*** Opening of Records to process ***

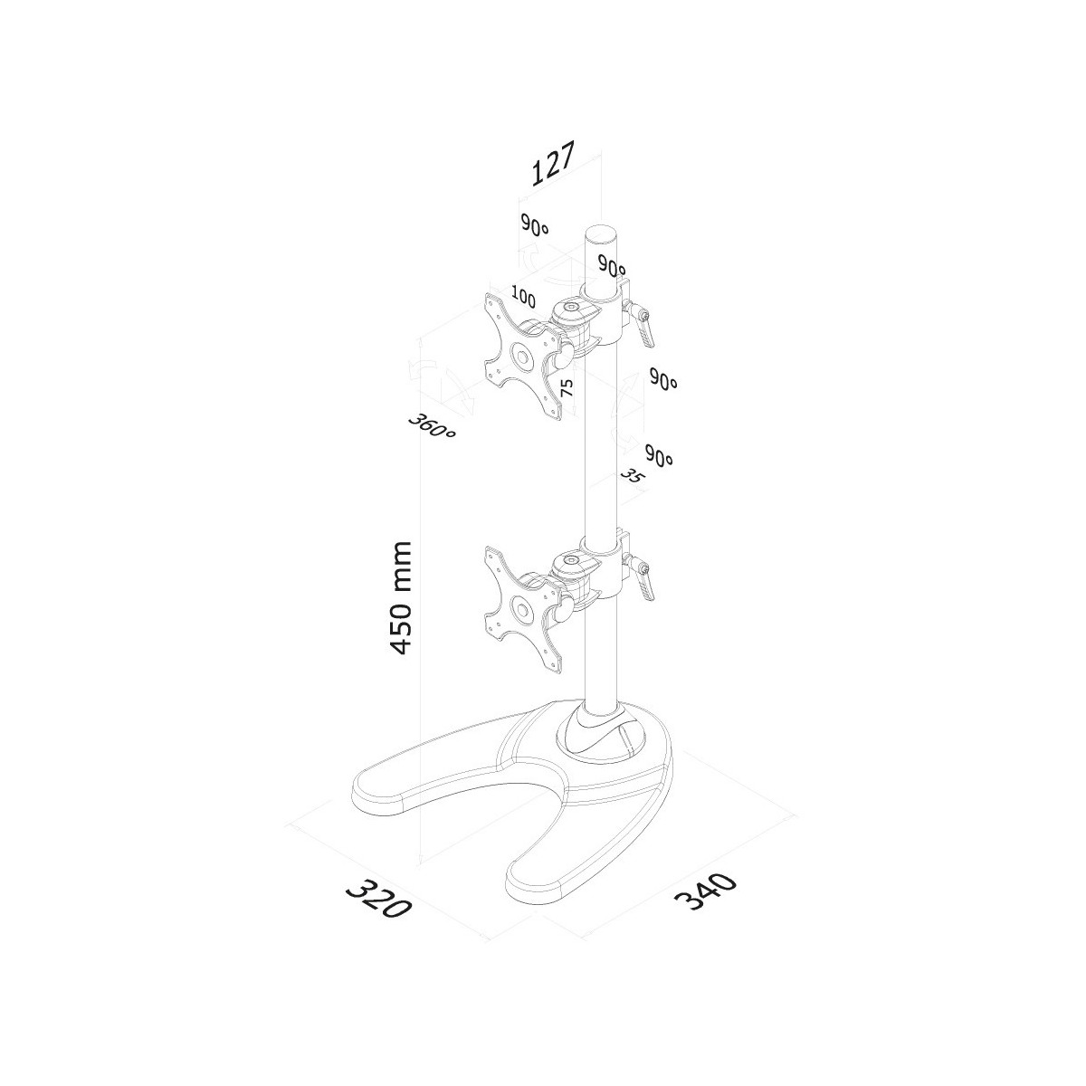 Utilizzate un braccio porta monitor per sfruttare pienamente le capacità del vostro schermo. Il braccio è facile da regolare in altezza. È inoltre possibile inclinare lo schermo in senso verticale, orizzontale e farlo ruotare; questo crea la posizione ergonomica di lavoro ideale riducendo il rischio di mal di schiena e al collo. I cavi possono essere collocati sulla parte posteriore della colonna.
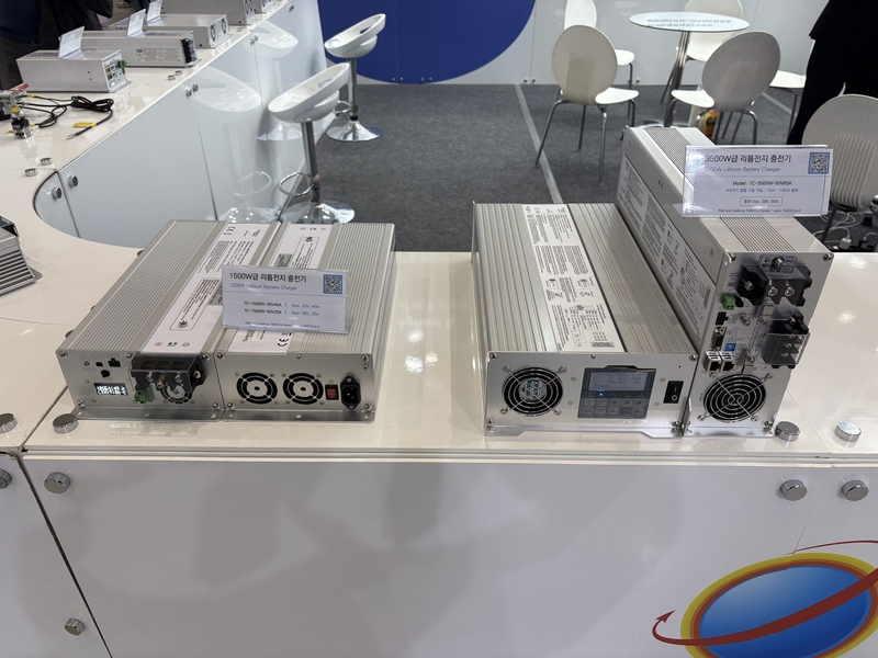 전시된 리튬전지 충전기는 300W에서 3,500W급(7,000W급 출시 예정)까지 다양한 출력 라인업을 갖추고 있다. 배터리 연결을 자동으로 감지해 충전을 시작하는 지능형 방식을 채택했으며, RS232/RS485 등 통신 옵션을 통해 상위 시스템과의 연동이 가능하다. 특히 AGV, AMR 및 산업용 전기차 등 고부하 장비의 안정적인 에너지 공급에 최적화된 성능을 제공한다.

*** Close of Records to process ***
*** Opening of Records to process ***

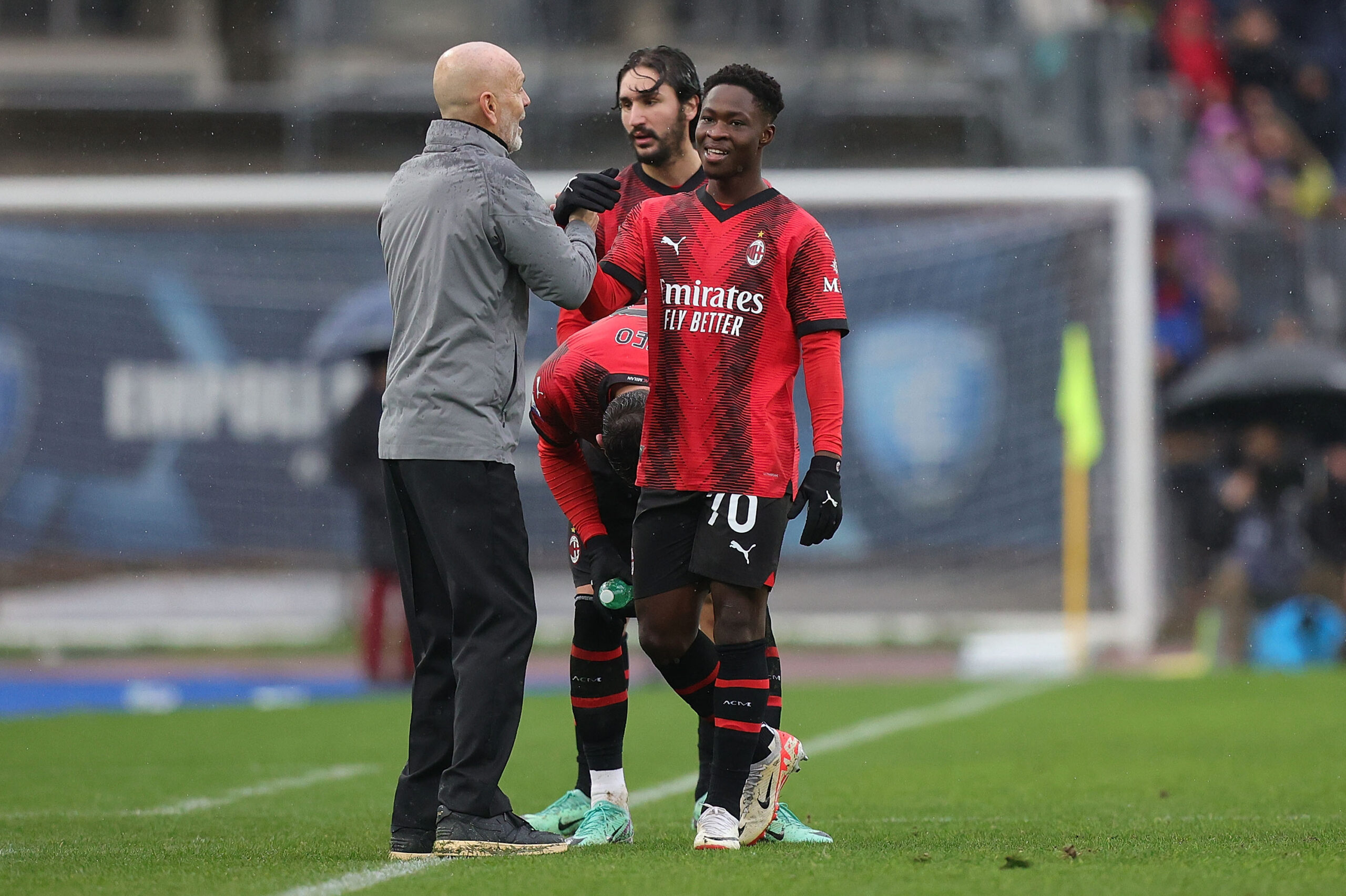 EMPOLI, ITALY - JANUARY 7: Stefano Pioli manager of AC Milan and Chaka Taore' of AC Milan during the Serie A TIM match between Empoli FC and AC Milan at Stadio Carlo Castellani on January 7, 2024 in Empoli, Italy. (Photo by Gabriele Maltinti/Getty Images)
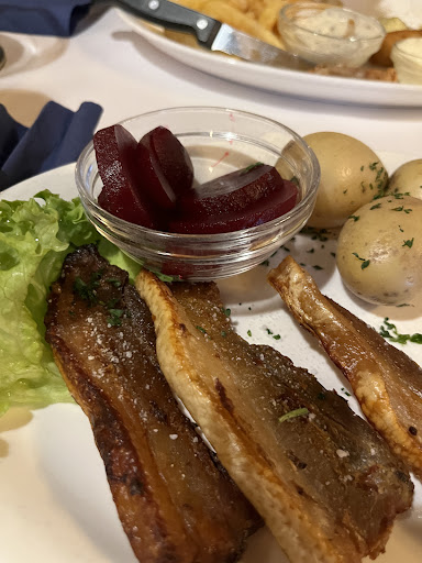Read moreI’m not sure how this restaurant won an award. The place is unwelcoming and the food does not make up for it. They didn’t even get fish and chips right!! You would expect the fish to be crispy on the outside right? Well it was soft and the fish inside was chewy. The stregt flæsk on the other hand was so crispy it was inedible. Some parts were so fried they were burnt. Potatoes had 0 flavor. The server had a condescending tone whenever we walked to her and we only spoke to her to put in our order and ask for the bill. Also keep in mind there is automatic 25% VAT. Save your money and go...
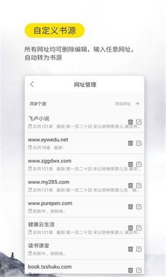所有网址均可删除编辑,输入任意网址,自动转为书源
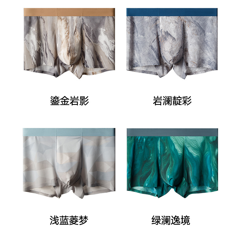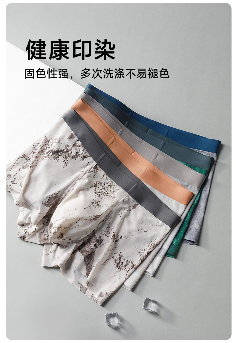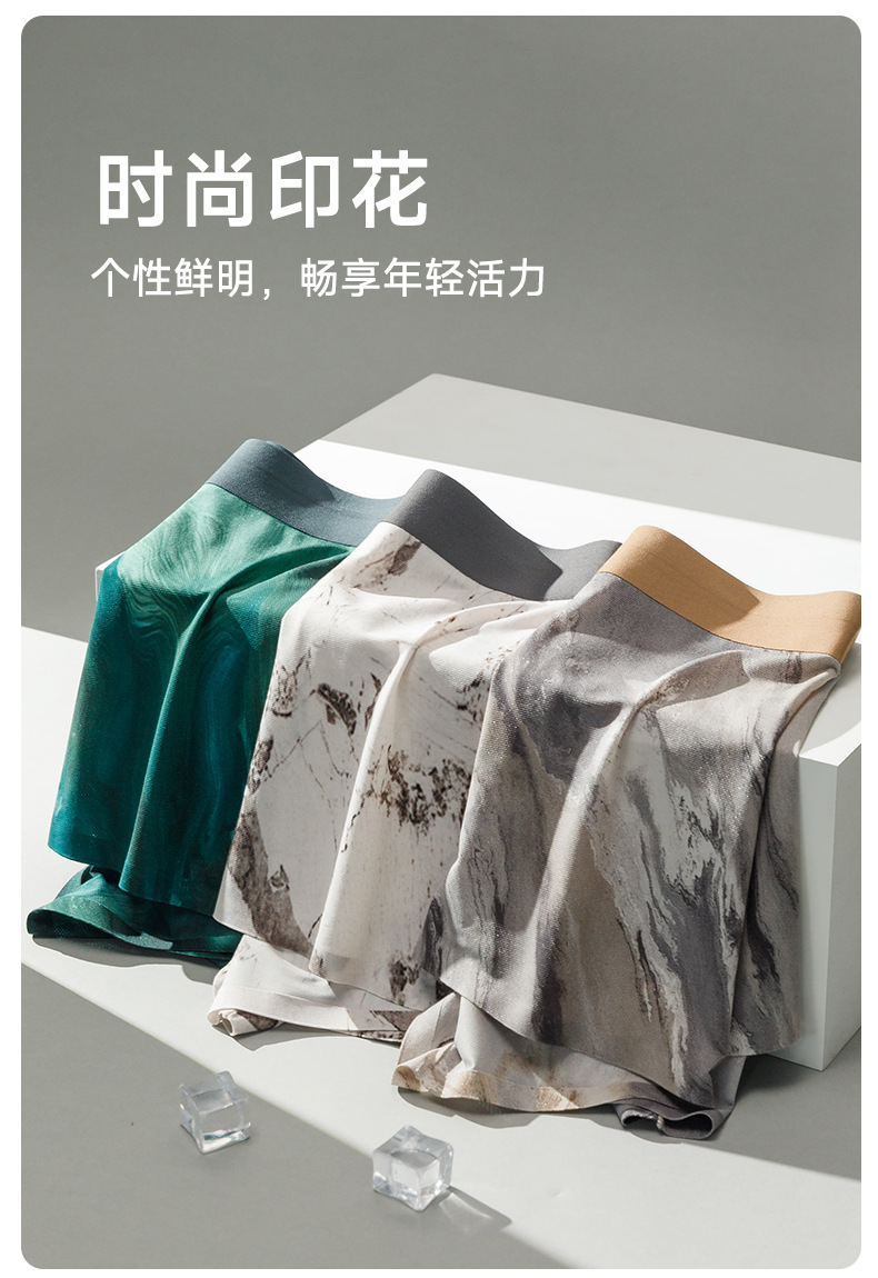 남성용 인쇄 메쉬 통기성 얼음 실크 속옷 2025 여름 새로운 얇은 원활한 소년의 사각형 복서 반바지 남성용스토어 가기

*** Close of Records to process ***
*** Opening of Records to process ***

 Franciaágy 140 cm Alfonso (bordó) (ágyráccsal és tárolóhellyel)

*** Close of Records to process ***

• [Problem to solve]
All that should be printed is the run of lines above from the one with "Utilizzate un braccio" through the one with "전시된 리튬전지 충전기는", both included, exactly as given, with pictures left out.

• [Final answer]
 Utilizzate un braccio porta monitor per sfruttare pienamente le capacità del vostro schermo. Il braccio è facile da regolare in altezza. È inoltre possibile inclinare lo schermo in senso verticale, orizzontale e farlo ruotare; questo crea la posizione ergonomica di lavoro ideale riducendo il rischio di mal di schiena e al collo. I cavi possono essere collocati sulla parte posteriore della colonna.
 전시된 리튬전지 충전기는 300W에서 3,500W급(7,000W급 출시 예정)까지 다양한 출력 라인업을 갖추고 있다. 배터리 연결을 자동으로 감지해 충전을 시작하는 지능형 방식을 채택했으며, RS232/RS485 등 통신 옵션을 통해 상위 시스템과의 연동이 가능하다. 특히 AGV, AMR 및 산업용 전기차 등 고부하 장비의 안정적인 에너지 공급에 최적화된 성능을 제공한다.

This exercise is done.